Whether one chooses to analyze the economics or ignore it, the fabric of monetary incentives is always there because harddrives and bandwidth are not $0.00. Even ephemeral things like "trust" and "reputation" are not zero cost to implement. Maintenance tasks such as "software installs" and "upgrades" are also not free.
If those costs (which are never specified -- and can't be specified) in the technical protocols are not mentally accounted for, it will seem like "centralization" is some weird illogical phenomenon. One would incorrectly believe that the masses haven't adopted distributed protocol stacks like IPFS, sandstorm.io, Diaspora, GNUSocial etc because the "technology" is a problem. If you focus on technology like that, you'll just end up inventing another distributed protocol that non-geeks will not use.

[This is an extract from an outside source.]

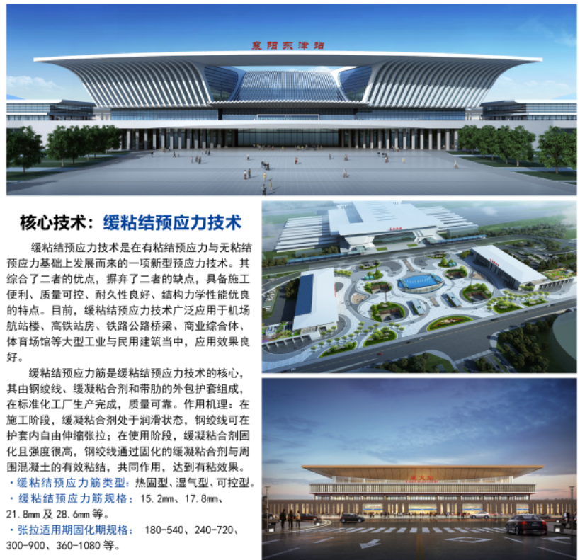 在我國鐵路、航空、公路等交通行業(yè)事業(yè)蓬勃發(fā)展的進(jìn)程中,中技集團作出了積極貢獻(xiàn),一是積極參與40余座高鐵客站建設(shè),如北京豐臺南站、北京朝陽站、北京副中心站、北京大興站,“一帶一路”中緬鐵路緬甸萬象站,川藏鐵路澤當(dāng)站、林芝站,中國第四代鐵路客站杭州西站、廣州白云站等,樹立了“中技預(yù)應(yīng)力”優(yōu)質(zhì)品牌。二是高度重視預(yù)應(yīng)力技術(shù)標(biāo)準(zhǔn)的升級,先后編制發(fā)布或在編多部預(yù)應(yīng)力相關(guān)標(biāo)準(zhǔn),如《大直徑緩粘結(jié)預(yù)應(yīng)力鋼絞線》、《濕氣型緩粘結(jié)預(yù)應(yīng)力鋼絞線》、《濕氣型緩粘結(jié)預(yù)應(yīng)力鋼絞線專用粘合劑》、《公路橋梁緩粘結(jié)預(yù)應(yīng)力混凝土結(jié)構(gòu)技術(shù)指南》、《緩粘結(jié)預(yù)應(yīng)力錨桿錨樁技術(shù)規(guī)程》、《超高強預(yù)應(yīng)力鋼絞線》等。三是高效推進(jìn)預(yù)應(yīng)力科研成果轉(zhuǎn)化,創(chuàng)造了多個“國內(nèi)首個”,先后實施了國內(nèi)首個大直徑緩粘結(jié)預(yù)應(yīng)力技術(shù)應(yīng)用項目(高鐵安順西站站前廣場,2016年),國內(nèi)首個濕氣型緩粘結(jié)預(yù)應(yīng)力技術(shù)應(yīng)用項目(阜陽西站站前廣場,2018年),國內(nèi)首個緩粘結(jié)預(yù)應(yīng)力錨桿技術(shù)應(yīng)用項目(南海體育中心,2020年),國內(nèi)首個緩粘結(jié)預(yù)應(yīng)力抗浮樁技術(shù)應(yīng)用項目(化龍安置區(qū)工程,2020年),國內(nèi)首個超高強預(yù)應(yīng)力技術(shù)應(yīng)用項目(廈門新體育中心,2021年)。

Put another way, you can write a paper specification that such & such protocol is designed for decentralized deployment. You can also draw out an architecture diagram that illustrates how peer-2-peer nodes can be federated, etc. However, all those intentions still have to be executed in the real world and the real world costs money. That is why decentralized protocols/tools like SMTP and Git coalesce into centralized entities like Gmail/Hotmail and Github.
E.g. the Git specification about BLOBs, sha1 hashes, etc does not include a free $10/month VPS server. Therefore, if I want to post a public repo without having to use my credit-card to pay for bandwidth, I can just put it on Github. Thousands of people making that similar economic decision leads to a centralized Github.